Oui Johnny t'as raison, plus ne rien ne fonctionne. Des gorgées pleines chez les nones. Des soupirs poétisés un à un dans le vent. Soupirs chaud et soupirs froid. Froid comme un plat. Ouais, un plat. Voilà ce que t'es devenu Johnny. Voilà c'est toi. Un plat. Qu'on goutte à goutte les lèvres pleines, les lèvres plaines, pleines de ta chair, de sa chair, à lui, ton ami, ton ennemi. A lui qui voulait ta peau. Qui voulait y cracher dessus, y crever y pisser en riant. Parce que Johnny tu l'as compris, la guerre c'est ça. C'est inexplicable à 20 heures. Juste un peu larmoyant. Pour les ménagères tu sais bien. Pour les faire pleurer un peu. Pour leur faire croire que tout ça a un sens, que t'es un héros, que tu sauves les fils de nos fils, que tu trembles pour le monde et que tu meurs dans un pleur dans un mouchoir un peu trop sale.
T vous Johnny, tout ça est artistique, un peu bandant comme une trique. Y tirer dessus sur la joie et les petites morts. Couchés touchés, importunés infortunés. Non ne les loupe pas ou on t'en voudra. Allez défends ta patrie, ton pays, ton ineptie, ta folie. Oui ne décroche pas. Les gouvernements ont besoin de toi. Peut-être pour faire des lois, pour s'écarteler le peuple en bas aussi, pour l'écouter craquer sous leurs chaussures, pour le voir ramper sous les glaviots des lampions fraternités égalité prisonniers. Oui Johnny, tu comprends, la guerre c'est nécessaire. Oui Johnny il faut que tu reviennes. Que tu reviennes nous raconter. Comment c'était beau là-bas. Comment c'était triste ce gosse, ce viol marqué de ton sceau, de ton rêve qui dort un peu moins fort.

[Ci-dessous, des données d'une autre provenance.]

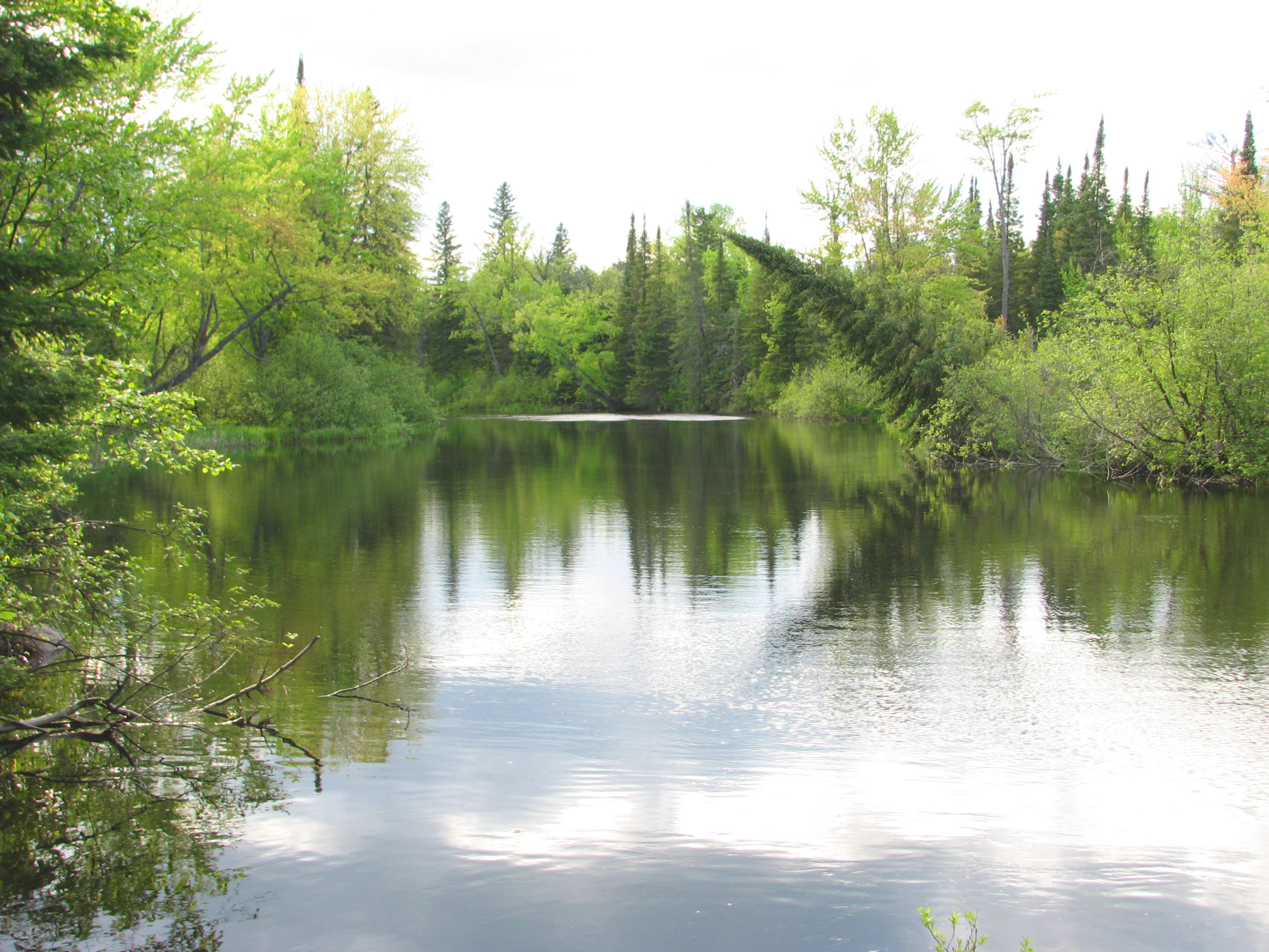 Bonnechere River, through Bonnechere Provincial Park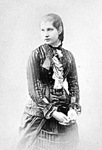 Maryja Magdalena Radzivił (Zaviša)

Sauf que tu sais quoi Johnny. T'as perdu tes bras, t'as perdu tes jambes. C'est la faute à pas de chance on te dira. Alors quoi Johnny boy tu te réveilles seul dans le noir. On te met de côté un soir, ce soir. Tu sais, juste pour pas voir. Pas te voir comment t'es beau amputé. Oui tu comprends Johnny, les télés pourraient s' émouvoir. Mais elles diffuseraient pas. Ben oui Johnny, elles se contrôlent pas.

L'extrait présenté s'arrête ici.